By Scott Armstrong
Going a little farther, he fell with his face to the ground and prayed, “My Father, if it is possible, may this cup be taken from me. Yet not as I will, but as you will.” Then he returned to his disciples and found them sleeping. “Couldn’t you men keep watch with me for one hour?” he asked Peter. “Watch and pray so that you will not fall into temptation. The spirit is willing, but the flesh is weak.” He went away a second time and prayed, “My Father, if it is not possible for this cup to be taken away unless I drink it, may your will be done. Matthew 26:39-42 (NIV).
How many of us have complained that we do not know God’s will for our lives? Many times we are aware of what he wants, but we just struggle with actually doing it. I know I should reach out to my friends at school, but opening my mouth and starting a conversation about God or church is hard. I know God wants me to spend time with him every day, so why is my devotional time so inconsistent?
Good news: even Jesus struggled with doing God’s will. We have recorded in Matthew 26 the very real struggle of Jesus Christ before he went to the cross. He already knows the will of his Father, but he is wrestling with what that means for him. It means suffering. It means torture and scorn and embarrassment. It means death. And instead of standing firm and calmly accepting his fate like some fake superhero would, he falls on his face in anguish as he begs the Father to find another way.
But this struggle is heroic. Jesus is not cowardly looking for an escape hatch.

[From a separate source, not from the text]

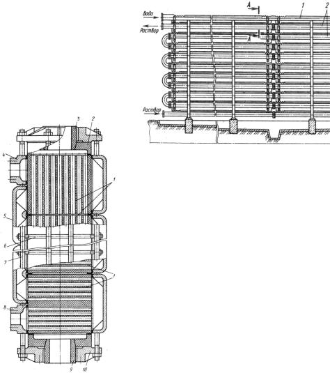 вые оросители. Расход воды в этих аппаратах меньше, чем в теплообменниках других типов, т.к. тепло от жидкости в трубах отводится не только за счет нагрева орошающей воды, но и частичного ее испарения. Оросительные теплообменники малоэффективны, но просты в изготовлении и ремонте. Чаще всего они устанавливаются вне зданий и используются для охлаждения агрессивных сред (серной кислоты).

He is not debating whether or not he should do God’s will. He is rather struggling with WHY God’s will has to be accomplished in such a brutal way. And in the middle of this agony, he resolutely prays, “Not what I want! What you want! Even though it does not make sense to me. Even though it means horrible suffering! Get me out of this if there is any other way! But know that I am fully committed to doing your will if this is it.”
Can you say the same thing? Comparing some of our decisions with Jesus’ decision to go to the cross seems odd. But what if we sought God’s will in every decision with the same strong attitude as Jesus? “Yet, not as I will, but as you will.”
What are you struggling with today? What if God’s will does not match your liking? May we always proclaim with everything in us (through tears and struggle, perhaps), “Not as I will, Father, but your will be done.”